NOUS N’AVONS PAS TOUJOURS BESOIN D’OPÉRER LES PIERRES

   Avec tout cela, cet expert affirme qu’il n’est pas toujours nécessaire d’opérer les pierres, même si leur présence est fréquente lors d’une échographie effectuée par hasard lors d’une consultation: «Ce que nous savons, grâce à des études qui ont suivi d’autres personnes pendant de nombreuses années, c’est qu’environ huit sur dix continueront à être comme avant pendant une décennie sans s’en apercevoir. Le risque de démarrer avec des troubles est de un à deux pour cent par an, et cela diminue avec le temps. En d’autres termes, plus vous vivez avec vos pierres sans les remarquer, moins il est probable qu’elles vous posent problème».

   Ainsi, il assure que si le patient n’a jamais eu de douleur et que l’échographie montre que la vésicule et la voie biliaire sont normales, la bonne chose est de ne pas opérer et de surveiller. «Surveiller ne signifie pas se faire des bilans, il s’agit de savoir ce que l’on doit surveiller. Pas d’échographies tous les six mois, pas de régimes à vie», insiste cet spécialiste en Chirurgie Générale et du Développement Digestif et coordonnateur de l’Unité de Chirurgie Hépatobilopancréatique.

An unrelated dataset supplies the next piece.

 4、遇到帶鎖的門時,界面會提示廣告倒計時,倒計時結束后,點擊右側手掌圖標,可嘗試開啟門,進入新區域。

   Cela dit, il rappelle qu’il n’y a qu’un petit nombre de situations où il est nécessaire de s’asseoir pour parler d’une chirurgie, et même si le patient n’éprouve rien: «Si, en plus des pierres, il y a un polype d’un centimètre ou plus, ou un polype plus petit chez une personne à risque. Ou si les calculs sont très gros, de plus de trois centimètres. Ou si la paroi de la vésicule est calcifiée, ce que l’on appelle la ‘vésicule en porcelaine’. Aussi dans certains rares cas d’anémies héréditaires. De plus, il existe un cas qui ne laisse pas de place à la discussion: si une pierre s’est échappée dans le cholédoque, qui est le conduit biliaire principal. Celui‑là, il faut l’éliminer même si cela ne fait pas mal. Mais ce ne sont que des exceptions. La règle, de très loin, est de ne pas opérer».

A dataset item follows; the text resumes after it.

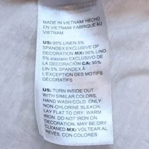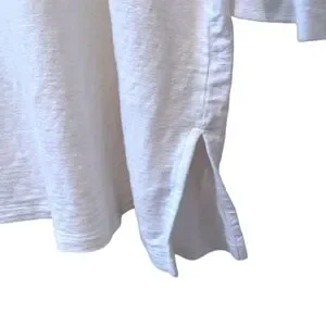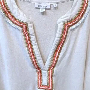 Chico's Beaded Embellished Notched Crew Neck 3/4 Sleeve White Linen Top (XL)

   À ce stade, il précise que parmi les signaux d’alarme qui indiqueraient qu’une pierre dans la vésicule exige une évaluation chirurgicale se trouvent le colique biliaire, distinct d’un simple retentissement ou d’une indigestion, et un phénomène qui se caractérise, comme l’indique cet expert, par une douleur qui monte, qui s’installe, et qui persiste, et qui est continue, forte, sous les côtes du côté droit, ou dans la région épigastrique, et qui bien souvent irradie vers le dos ou l’épaule droite. «Cela dure plus d’une demi-heure et peut durer plusieurs heures. Cela survient presque toujours la nuit, ou après un repas copieux, gras.» Il ajoute qu’il s’accompagne de nausées, parfois de vomissements, et de sueurs froides. Le patient ne trouve pas de position: il se lève, il s’assied, il fait les cent pas dans le couloir», complète l’intervenant.

   Pour cette raison, insiste-t‑il, lorsqu’il existe un colique véritable, bien documenté et avec des pierres visibles à l’échographie, il faut opérer. «De manière programmée, sans se presser, mais sans laisser traîner. Car la vésicule qui a douloureux une fois a tendance à recommencer à faire mal», insiste le docteur Cuadrado.

   Et même, souligne-t‑il, il y a quatre éléments qui obligent à se rendre aux urgences sans hésiter: que la douleur ne cède pas en quatre ou six heures; la fièvre avec des frissons; que les yeux ou la peau deviennent jaunes, que l’urine s’assombrit comme le thé ou le cognac et que les selles deviennent très claires; et des vomissements qui empêchent même de boire. «Cela n’est plus une simple colique», précise-t-il.

Thomas Leroy

Thomas Leroy

Je m’appelle Thomas Leroy et je suis le rédacteur de Placebo. Médecin de formation et passionné par le journalisme, j’ai choisi de créer ce média pour apporter une information claire et indépendante sur la santé et les addictions. Chaque jour, je m’engage à rendre accessibles des sujets complexes afin d’aider chacun à mieux comprendre et agir.